Le phénomène de l'écoanxiété affecterait de nombreuses personnes, qui participent même à des groupes de soutien et des groupes Facebook pour les aider à canaliser les émotions anxiogènes liées à l’information concernant l’urgence climatique.

L'écoanxiété des jeunes 

D’après la journaliste Marie-Ève Tremblay de Radio-Canada, plus on est jeune, et plus on aurait peur pour les générations futures. C'est normal après tout, puisque les jeunes seront eux-mêmes plus affectés par les changements climatiques.

Greta Thunberg lors de la Marche pour le climat

Minas Panagiotakis/Getty Images

Un sondage réalisé par YouGov en 2019 indique que les répondants britanniques sont plus inquiets au sujet de l’environnement depuis les dernières années, et c’est lors d’évènements majeurs, par exemple les vagues d’innondations qui ont eu lieu en 2014 ou la manifestation du groupe Extinction Rebellion en 2019, que les plus hauts taux d'anxiété ont été observés sur la courbe depuis 2010.

Selon Consoglobe, les jeunes Californiens serait 70% plus angoissés que ceux qui vivaient dans les années 50.

Le déni comme mécanisme de défense?

Paradoxalement, d'après le psychologue norvégien Per Espen Stoknes, certains ont plutôt recours au déni quand vient le temps d’aborder les changements climatiques afin de préserver leur équilibre mental. Le professionnel a analysé les taux d’inquiétude face aux changements climatiques depuis la fin des années 80 dans plus de 39 pays occidentaux, et a constaté que plus le niveau de certitude d’une urgence est présent, et moins les gens auraient tendance à se sentir concernés. L’idée de créer une distance entre nous et une menace – tant en termes de temps et d’espace – facilite le processus de déni.

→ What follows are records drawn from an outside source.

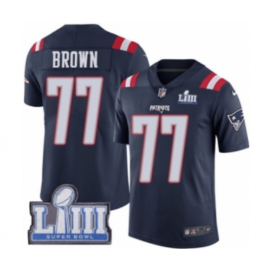 Youth Nike New England Patriots #77 Trent Brown Limited Navy Blue Rush Vapor Untouchable Super Bowl LIII Bound NFL Jersey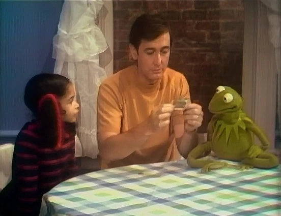 SCENE 9 | Kermit joins Gordon and Sally as they watch Bob fold a dollar bill into a letter W. Gordon then asks Kermit to do his famous W lecture. As Kermit leaves to get ready, the others pass the time by watching the next segment... |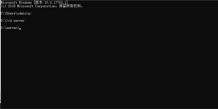 然后打开cmd 进入刚才创建的server目录,比如我这里server放在G盘下;

Pancarte lors d'une manifestation pour l'environnement

Markus Spiske / UnSplash

Serait-il possible que plus on s'intéresse à l'environnement et plus on risque de devenir éco-anxieux? Dans certains cas, peut-être. Mais pour Andrée-Anne Brunet, des actions comme la Marche pour le climat qui a eu lieu le 27 septembre dernier lui font un grand bien. 

Je me sens plus calme, moins fâchée. Mon écoanxiété s’est transformée en encore plus d’actions posées concrètement dans mon quotidien.

–Andrée-Anne Brunet

Chose certaine, plus les écosystèmes seront perturbés et plus on risque d'entendre parler d'écoanxiété dans les prochaines années. Espérons qu'on trouvera des solutions tant environnementales que des ressources pour aider ceux aux prises avec cette angoisse écologique pas banale du tout.

Si vous croyez vivre de l'écoanxiété, consultez un professionnel de la santé qui pourra vous aider à trouver des pistes de solution pour mieux vivre avec les inquiétudes écologiques de notre époque.